On 5/27/25 15:42, Markus Armbruster wrote:
Paolo Bonzini <pbonz...@redhat.com> writes:
Rust makes the current file available as a statically-allocated string,
but without a NUL terminator. Allow this by storing an optional maximum
length in the Error.
Note that for portability I am not relying on fprintf's precision
specifier not accessing memory beyond what will be printed.
Can you elaborate on the portability problem? I figure ...
{
if (errp == &error_abort) {
+ const char *src = err->src;
+ if (err->src_len >= 0) {
+ /* No need to free it, the program will abort very soon... */
+ src = g_strndup(err->src, err->src_len);
+ }
fprintf(stderr, "Unexpected error in %s() at %s:%d:\n",
- err->func, err->src, err->line);
+ err->func, src, err->line);
... you're avoiding the simpler
fprintf(stderr, "Unexpected error in %s() at %.*s:%d:\n",
err->func, err->src_len, err->src, err->line);
because of it.
I couldn't find anything that says %s is allowed to not be
NUL-terminated if a precision is given. That is, whether something like
this:
char foo[] = {'H', 'e', 'l', 'l', 'o'};
printf("%.5s\n", foo);
is guaranteed to work.
This is opposed to:
1) strnlen
(https://pubs.opengroup.org/onlinepubs/9699919799/functions/strnlen.html),
which is guaranteed to examine no more than the number of bytes given by
the second character;
2) strndup, for which I found at least a clarification at
https://www.austingroupbugs.net/view.php?id=1397.

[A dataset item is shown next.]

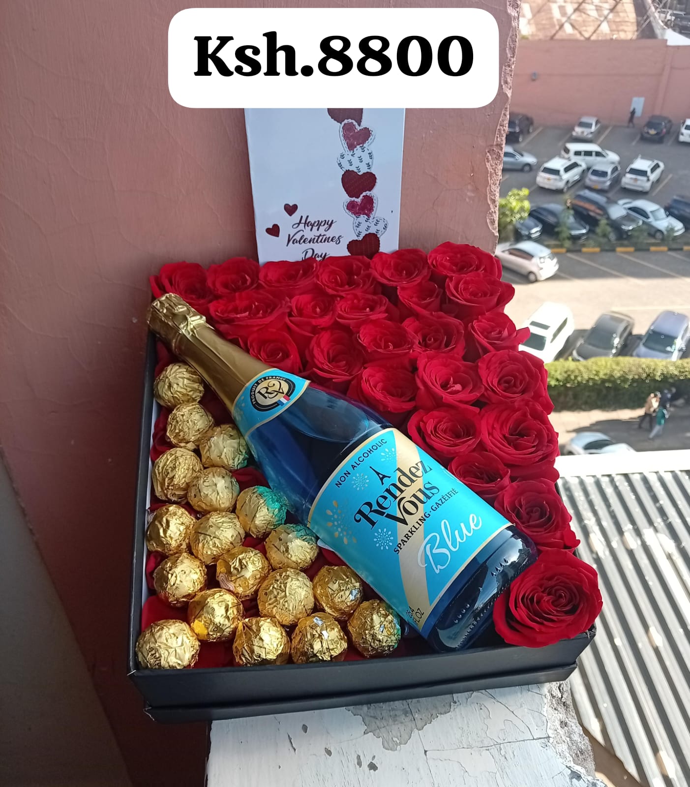 Fresh flowers in a box, non alcoholic wine, golden chocolates, and a valentine’s day Card. Valentine’s Day Gifts in Nairobi Kenya.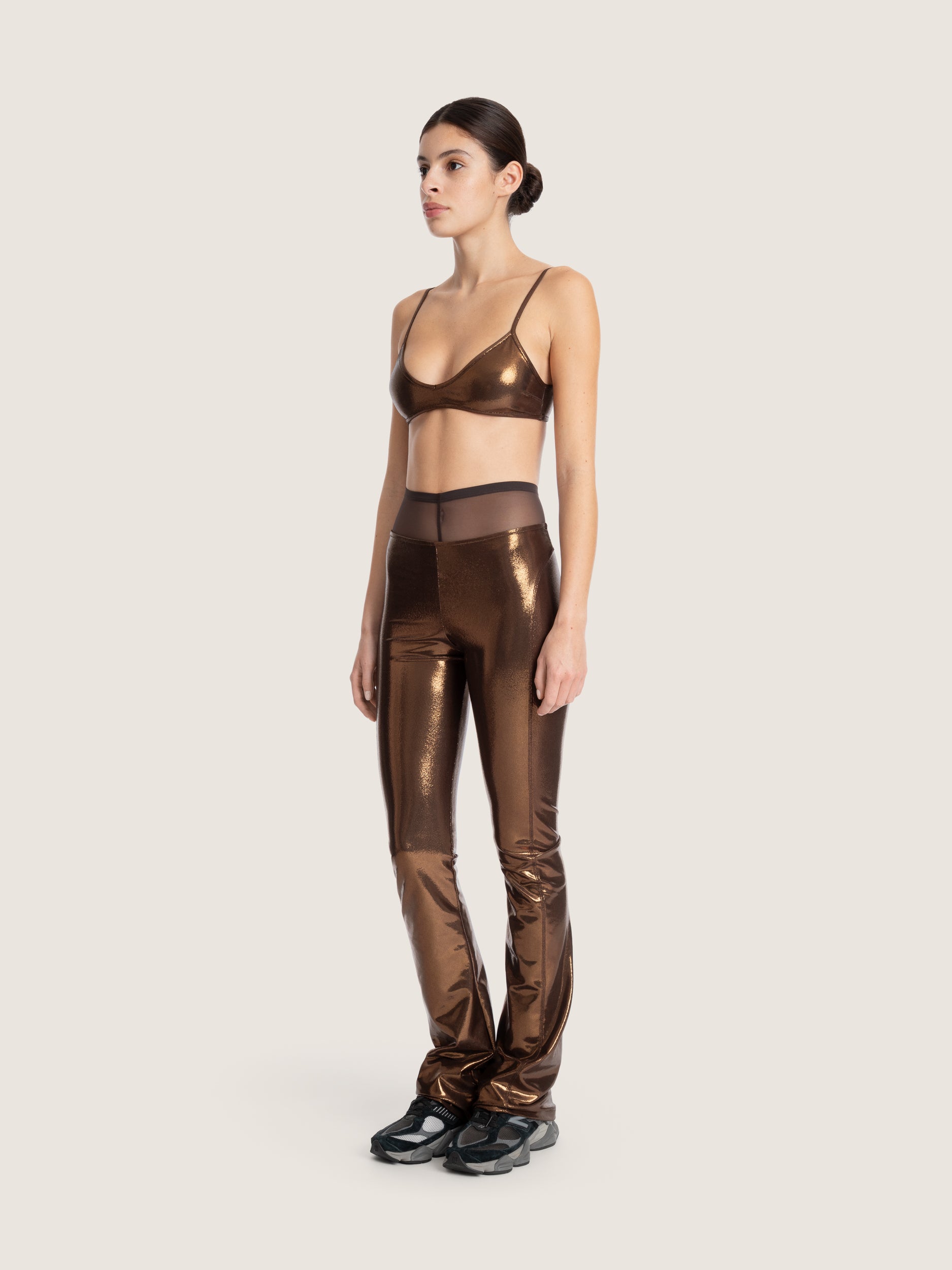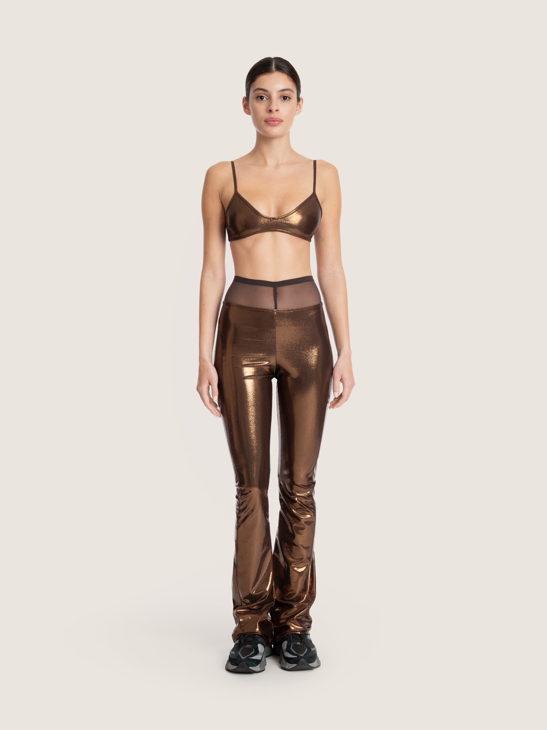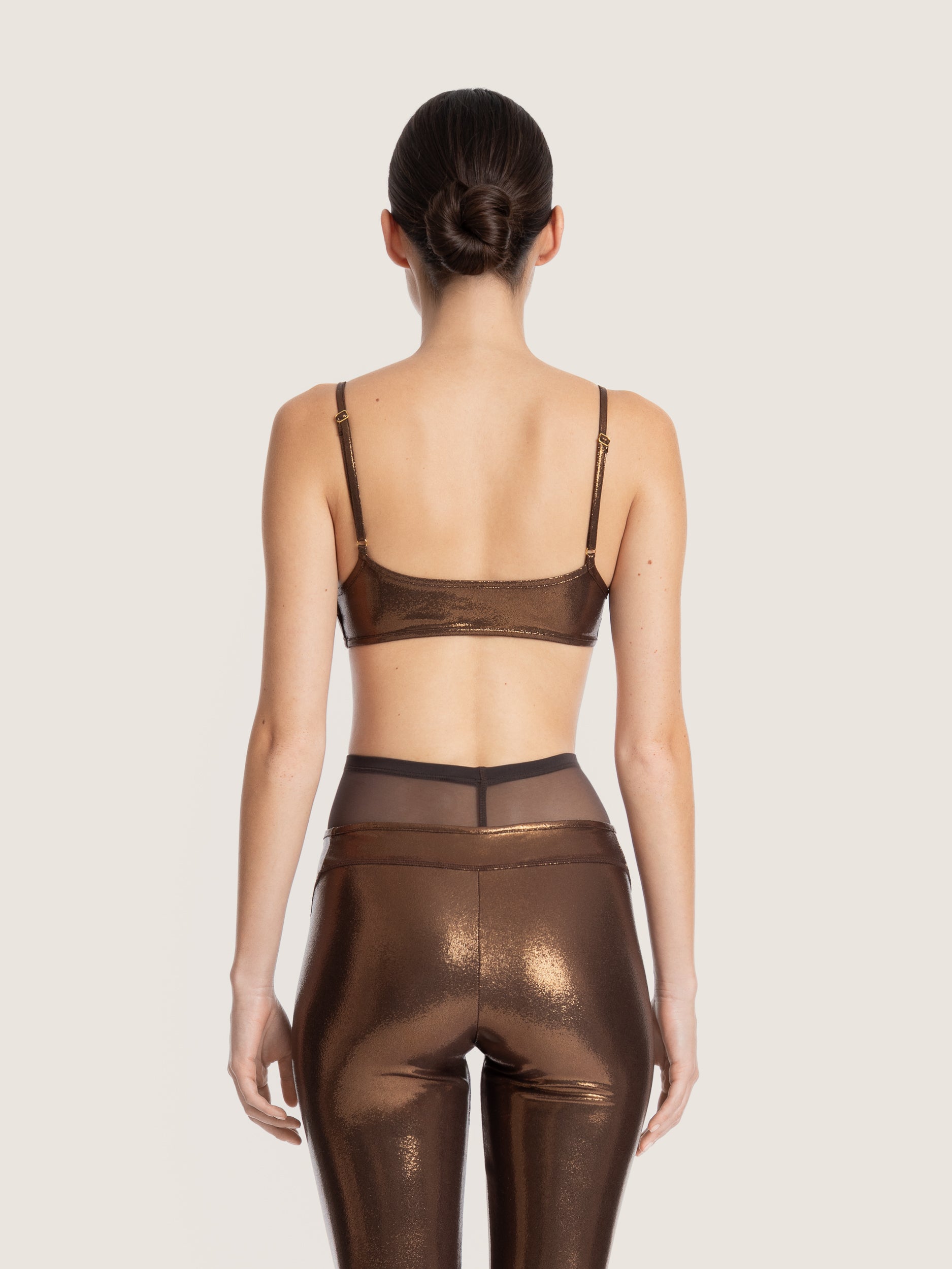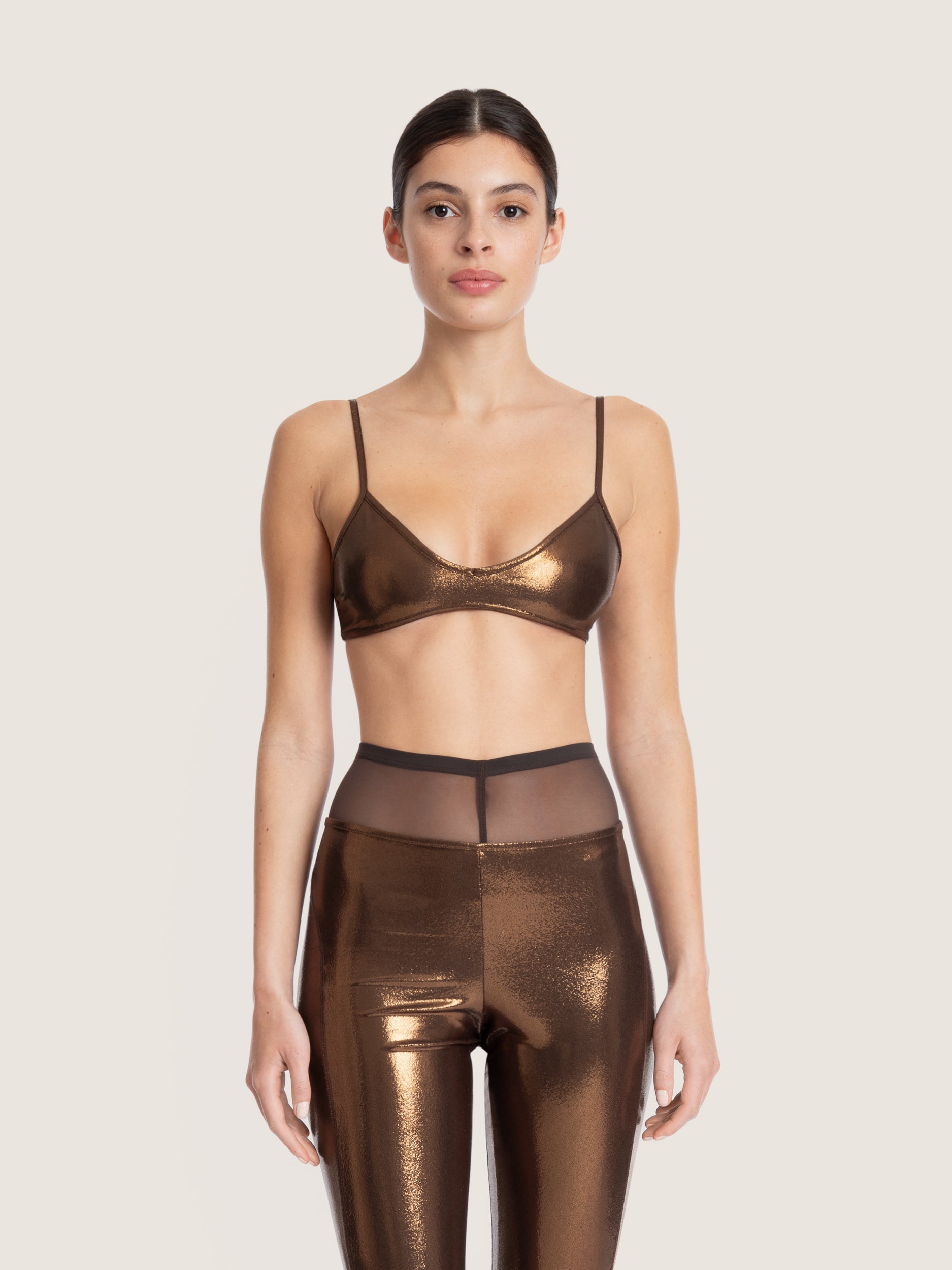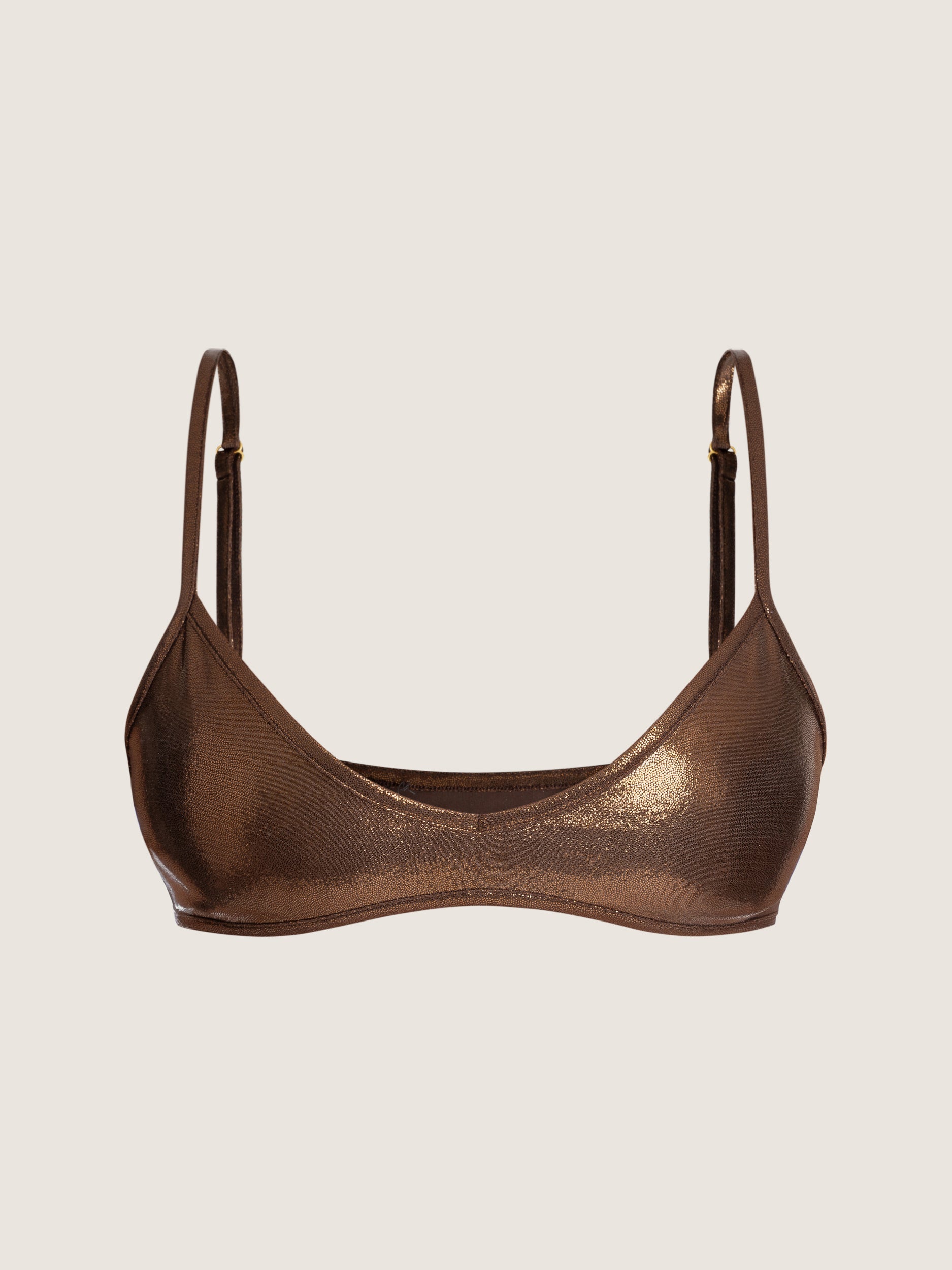 Un haut de bikini lamé, pensé pour capter la lumière et sublimer la silhouette.

3) g_strndup, which guarantees that the allocated block is of length n+1
and padded with NULs (though in the case above there will be just one
NUL anyway)
And also, for strndup/g_strndup it would be quite asinine to implement
it using some kind of min(strlen(s), n) but for printf the complexity is
greater so you never know. I erred on the side of caution because
avoiding an allocation before an abort() isn't particularly interesting.